Focus on the Fight: Black Hawk Down
There is a scene in Black Hawk Down - Ridley Scott’s cinematic rendering of the bloody 1993 street battle that took place between elite U.S. solidiers and Somalia street fighters and militia - where inexperienced yet capable Sergeant Eversman is given some philosophical advice from Sergeant Sanderson, a battle-seasoned warrior from the Delta Force elite division. They have their brief conversation amidst the bloody, smoking carnage resulting from several hours of violent street warfare. Sanderson tells Eversmann that while on the battlefield, there is no room for questions about why they are fighting and that he should focus on the fight at hand. You’ll have plenty of time to ask yourself ‘why’ later,” he tells him.
Rockin’ and rollin’ for democracy:Black Hawk Down |
This theme of “just focus on the fight” was apparently on the minds of the makers of Black Hawk Down as well, for director Scott has all but dispensed with cultural and historical background to focus on the spectacle and drama of combat. Although the film starts with subtitled info that sets the stage for the United States’ presence in Somalia, these overtures are quickly lost in a rock opera of bullets and rocket propelled grenades.
In fact, it seems almost irresponsible in lieu of the large number of casualties - 18 Americans dead and over 1,000 Somalis killed in less than 24 hours - that Scott takes such delight in crafting exciting, beautiful, terrifying images instead of presenting us with something more substantial to chew on. Instead of explanation, we get ghostly shootouts rendered via night vision, helicopter gunships firing hundreds of rounds per second, and soldiers diving in slow motion to avoid rocket propelled grenades. The virtuoso photography is complimented with a sound track composed of hard rock, curry-flavored hip hop, and good old fashioned Hollywood war score.

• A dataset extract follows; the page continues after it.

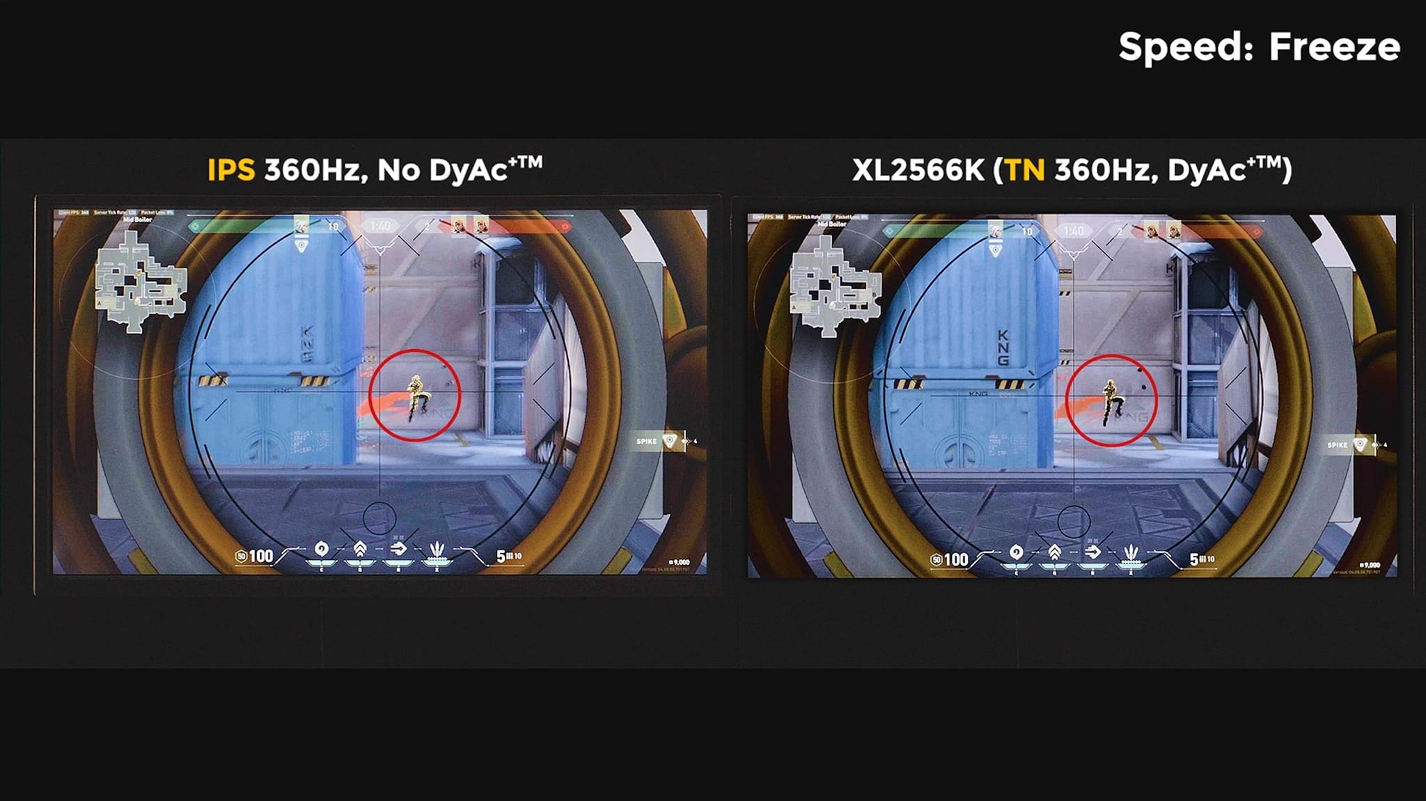 เทคโนโลยี DyAc⁺™ ช่วยลดอาการเบลอของภาพเคลื่อนไหวพร้อมมอบภาพที่ชัดใสให้แก่ผู้เล่นเพื่อให้สามารถวางแนวทางการยิงได้อย่างแม่นยำ ในขณะที่เทคโนโลยีการปรับแต่งค่าสี Black eQualizer ยังช่วยปรับปรุงการแสดงผลภาพในฉากที่มืดโดยไม่ต้องเพิ่มระดับแสงจนทำให้พื้นที่ส่วนสว่างดูสว่างมากเกินไป ฟีเจอร์นี้ยังช่วยถนอมสายตาของผู้เล่นหลังจากที่ต้องดูฉากที่มีแสงสว่างวาบ ให้สามารถมองเห็นฉากที่มีควันพร่ามัวได้ ส่วนพาเนล TN ความเร็วสูงช่วยให้ผู้เล่นสามารถโฟกัสภาพได้ดีขึ้น ช่วยลดความสับสนโดยการปรับโครงร่างของเป้าหมายที่กำลังเคลื่อนไหวให้มีขอบภาพที่คมชัดและง่ายต่อการติดตาม ด้วยสองฟีเจอร์สุดล้ำนี้ ทำให้ XL2566K เป็นจอมอนิเตอร์ที่สมบูรณ์แบบสำหรับคอเกมระดับฮาร์ดคอร์ ซึ่งต้องการประสิทธิภาพและความคมชัดในการเล่นเกมขั้นสูงสุด

Black Hawk Down the movie is based on Black Hawk Down the book, a 1999 nonfiction account of the incident that describes the battle in such detail that military schools regularly contract author Mark Bowden to explain his findings to future warriors. Bowden’s book is about battle, first and foremost, not philosophy - nonetheless, the author gives us more than just the tinkling of bullets and screams of wounded men. Bowden gives us historical perspective as well as that great rarity in Hollywood war movies: a deepened portrait of the enemy. In Black Hawk Down, he describes not only the complicated arena of clan-based civil war that awaited American troops in Somalia, but the abject poverty of the country. Somalia, Bowden writes, is a land where one family member must always remain at home with a weapon to protect whatever meager property that family owns, and where violence is one of the few professions available.
In the movie, Americans do not fight against human beings, but instead battle “the skinnies” - faceless, black-skinned maniacs with dark sunglasses and yellowed smiles. Despite its exceptional production values, compelling regional iconography, and high profile director, this movie is at heart not much more than classic war movie exploitation, with mobs of screaming, nameless enemies getting gunned down by good looking kids from Texas who still call their parents “ma” and “pa”. It is an updated, Americanized version of Zulu, and about as culturally enlightening as that movie - which means, not very. Like its somewhat racist predecessor, insight into colonialism (or in this case, nation building) takes a back seat to the drama of close quarters combat.
Black Hawk Down shows great sympathy for the Americans who are killed, wounded, and otherwise humiliated in the street fight. The film concludes with a handful of soldiers limping through the streets of Mogadishu, surrounded by taunting children. The irony, of course, is that these children are the ones the American troops are ostensibly trying to help by removing dictator Mohamed Farrah Aidid from power. Absent from the movie, however, is any meaningful discussion about who Aidid is and what the U.S. hopes to accomplish by unseating him, not to mention any sense of the complex civil war wracking the country. Basically, we are informed that Aidid is the guy to root against and then we get busy with the fight itself.
Abstracting
the situation in Somalia into an “us” against “them” scenario and then showing the ensuing shootout makes for an effective action movie, but irresponsible history. We are given the statistics that 18 Americans were killed to over 1,000 Somalis. The Americans are given a face in the film and documented by name in the credits, while the Somalis are for the most part faceless, anonymous and lumped together by the disturbingly large and rounded 1,000 number. Bowden’s book states that many of the casualties were women, children, and spectators who found themselves in the line of fire. Scott eschews showing much of the “collateral damage” which might detract from the heroism of American troops and compromise the crisp polarities of good and evil that are the norm in action movies.
Ultimately, Black Hawk Down exemplifies America’s nationalistic sense of worth that values American life over foreign life to a degree almost beyond comprehension - a Gulf War mentality that grieves for American lives but thinks little of massive foreign casualties. Was the true tragedy that day that 18 U.S. soldiers died? Or was the true tragedy that day that 18 U.S. soldiers died, countless Somalis died, and an already ravaged country was plunged even deeper into anarchy following the U.S. withdrawal? Black Hawk Down, with its focus on the fight, seems to choose the former.